Meat and vegetables, nuts and seeds, some fruit, little starch and no sugar.  

What’s NOT easy, unfortunately, is sticking to that formula 100% off the time. Whether it’s due to increased grocery bills or a lack of schedule convenience, sometimes you slip. Frankly, that’s okay. Nobody’s perfect. Hell, we even encourage a little “slippage”; it’ll keep you sane and keep your diet balanced. Think about going 100% on anything for a sustained period. Eventually, you’re going to burn out. It’s important to have a little levity.  

At CrossFit ABF, many of us have found nutritional success in flexible dieting. Is it the perfect diet? No. Does it have its pitfalls? Yes. However, it’s delivered remarkable improvements while still giving us the freedom to go out with friends, have a beer or two(s) or take our significant others to a nice restaurant.  

The idea revolves around counting macro-nutrients (proteins, carbohydrates and fats) in each piece of food we eat. Here’s the basics on how to start counting your macro-nutrients today.  

Calories 

Calories (kcal) are an important part of the process. Your body takes in a certain amount (through food) and burns a certain amount (through activity). The goal, as simple as it can be, is to burn more than you take in.  

How do you determine how many calories you need, though? 

  1. Use a Calculating Website like If It Fits Your Macros – Websites like www.iifym.com provide general numbers for people of your height, sex and weight. Bodybuilding.com also has a calculator. The issue? It’s not specific to you and your needs. It’ll get you close, but may not be perfect.  
  2. Track Your Maintenance Weight Intake – Downloading a simple food tracker (we recommend My Fitness Pal) gives you the ability to track everything you’re eating throughout the day. The ability to add in various recipes and foods means you can tailor it to your needs, too. Once you’ve tracked your intake for three days, you’ll get an average number of calories you’ve been eating.  

Proteins 

This is the easiest. For every pound you weigh, eat a gram of protein. Is it exact? No. But, it’s close enough to work perfectly. If you weigh 150 pounds, eat 150 grams of protein in a day. 
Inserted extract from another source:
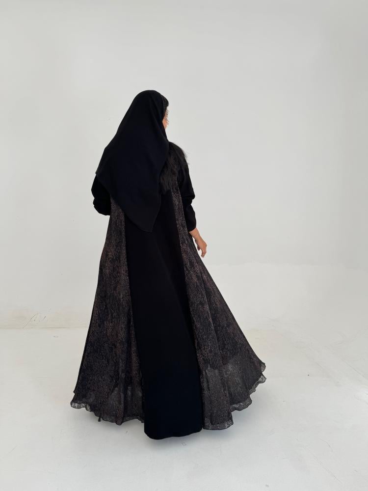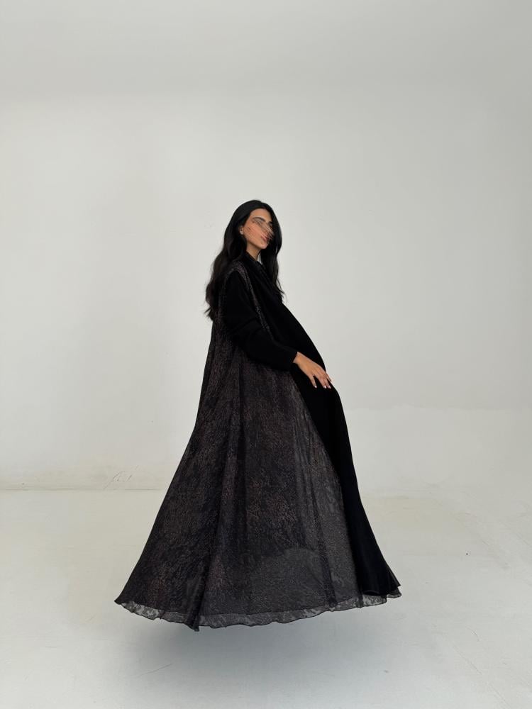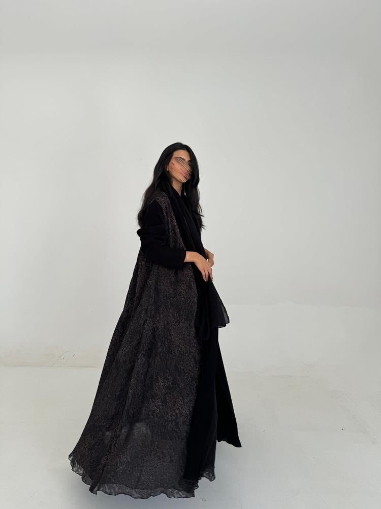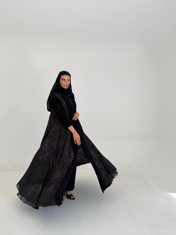 عبايه كريب اسود ، شيفون مشجر مبطن بشيفون اسود ، طرحه اسود طرف ، القصه كلوش …

Want to know how many calories of protein you’re eating? Multiply your grams by 4. So, 150g of protein equates to 600kcal.  

Fats 

Nutritional guidelines generally recommend your fat intake take anywhere from 30-35% of your daily calorie allotment. If your average 2,000kcal a day, 600kcal should be fats. To figure that out in grams, divide 600kcal by 9. This gives you 67g of fat.  

Carbohydrates 

You’ve got your proteins and you’ve got your fats. Guess what. Fill the rest of your diet with carbohydrates. In the examples above, we had a 2,000kcal diet that consisted of 600kcal of proteins and 600kcal of fats. 

2,000kcal – 600kcal – 600kcal = 800kcal.  

To determine your carbohydrate intake, divide the remaining calories (800kcal) by 4. This leaves 200g for carbohydrates.  

This example’s final macro-nutrient numbers are: 

2,000kcal: 150g of Protein, 67g of Fat, 200g of Carbohydrates 

Weight Change 

What if you’re looking to lose weight? Or, what if you’re looking to add it? Start by reducing / increasing your calorie intake by 100 and reconfigure your numbers. Go from there and adjust to your desired needs.  

Have nutritional questions? Email ryan@crossfitabf.com to learn more about CrossFit ABF’s Nutritional Club, a dedicated forum for support in leading a nutritional lifestyle.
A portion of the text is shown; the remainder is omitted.